Cuando Gertrude Stein mostró su
descontento por el retrato que Picasso le había hecho, el artista le respondió
solemnemente: “No te pongas así, mujer; ahora no pareces mucho, pero ya te
parecerás”. Félix de Azúa en su Diccionario de las artes, desarrollando
ideas de Baudelaire , apunta, en entrada “Caricatura”, que “la caricatura es el modo dominante de la
expresión artística del siglo XX”. El carácter de la representación viene dado
por la impronta de la caricatura, esto es lo que marca su relación con la
subjetividad disuelta. “Una nueva `semejanza´ cuya verdad no está en la Idea,
ni en el sujeto representable, ni en el objeto representado. Está sólo en la
propia y autónoma pintura. La distancia entre el modelo y la copia se vuelve
infinita (...): el infinito de la caricatura es un infinito negativo. El modelo
debe hacer todo lo posible para asemejarse a su caricatura”. Por tanto, la
representación se vuelve autónoma en la época de las vanguardias, se vuelve
autosuficiente con respecto a la subjetividad representada. Es más, la
representación se vuelve el sostén, la articulación y la arquitectura de un
sujeto que se ha desfondado. Con Picasso se entra en un paradigma radicalmente
contrario al que veíamos en Rembrandt. Si con el último, la representación
adquiría realidad por su apelación a la subjetividad absoluta, con Picasso y
las vanguardias, es la representación absoluta lo que confiere realidad a un yo
disuelto.
Para terminar, lo juro, sólo queda
un paso. En la época del arte postvanguardista, la representación ha perdido su
carácter absoluto, su pretensión de verdad se ha ido disolviendo. La caricatura
se ha quedado solamente con su forma negativa, una máscara desenmascarada, y
nada más. La subjetividad se ha hecho líquida, débil, pero lo mismo le ha
ocurrido a la representación. Ninguna otorga realidad a la otra, y, sin
embargo, en su nulidad, una se apoya en la otra, en su debilidad, una permite
el acontecer, ese acceso de realidad, a la otra.

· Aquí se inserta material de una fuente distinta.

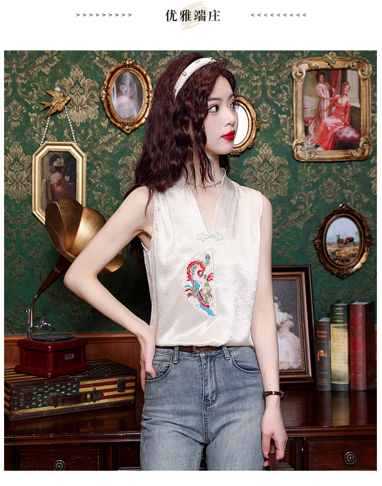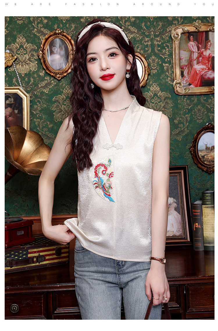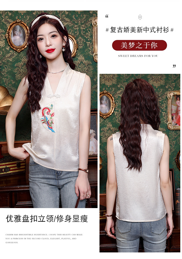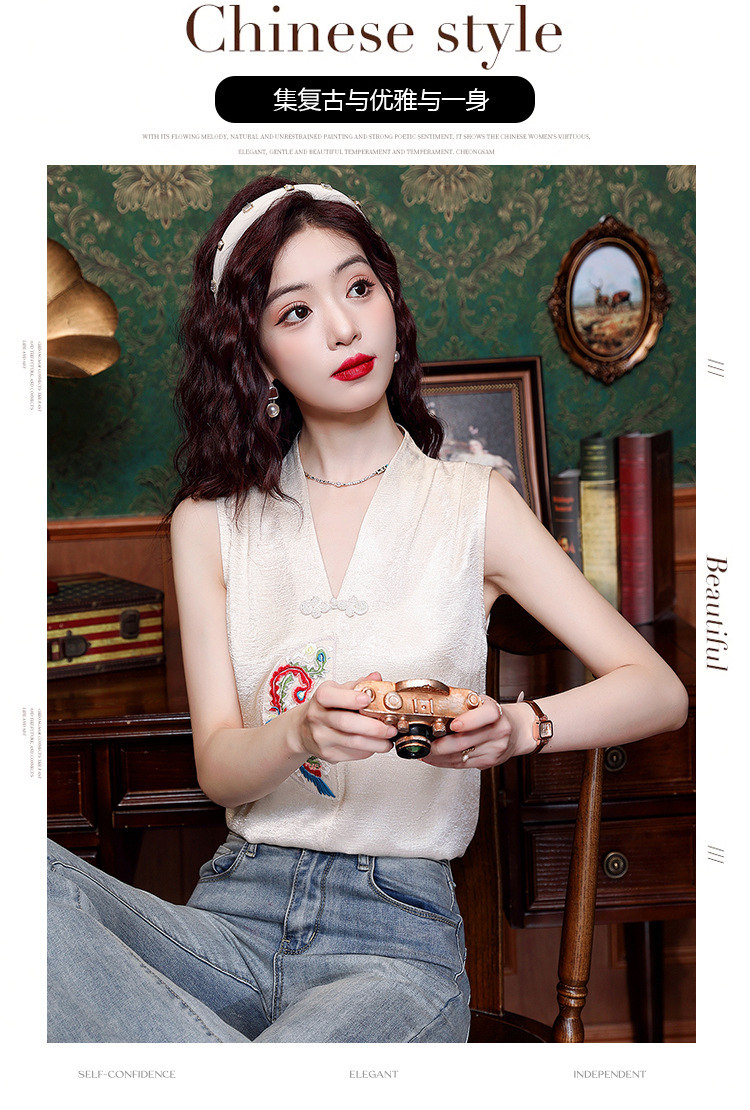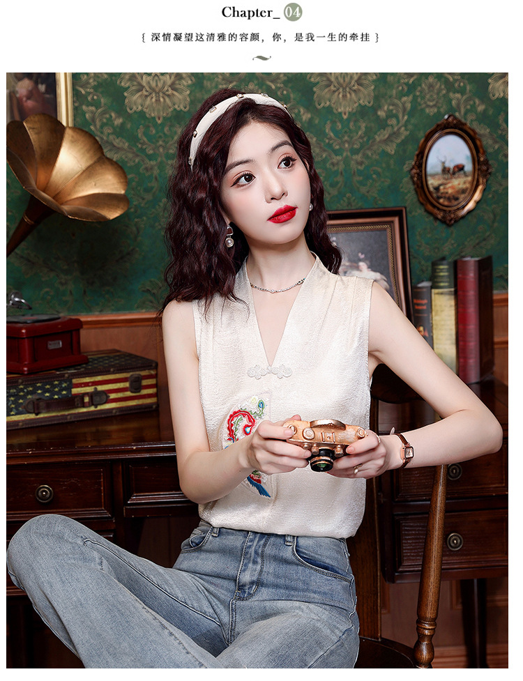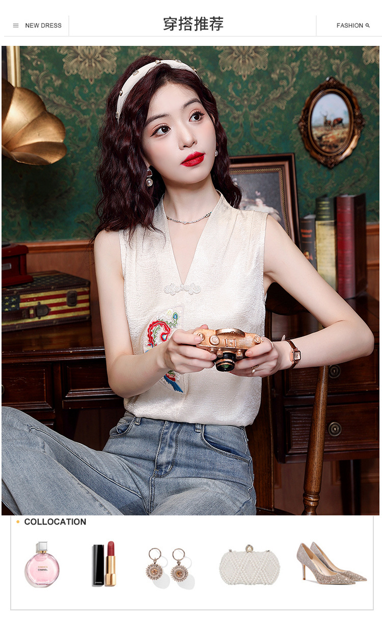 시원한 여름 전국 조수 민소매 티셔츠 2024 여름 새로운 디자인 센스 틈새 레트로 V-넥 작은 조끼 탑스토어 가기

Con todo esto a nuestras espaldas,
miro de nuevo a Giovanna. Al igual que en nosotros, veo una subjetividad que se
dispersa en sus experiencias, que no tiene solidez ni robustez; al igual que en
nuestro tiempo, veo una representación sin pretensiones de verdad, solo buen oficio, un buen saber hacer. Veo el cuadro y me acuerdo de Marlow
y de Lord Jim, y creo poder decir: Bienvenida, Giovanna, eres una de los nuestros.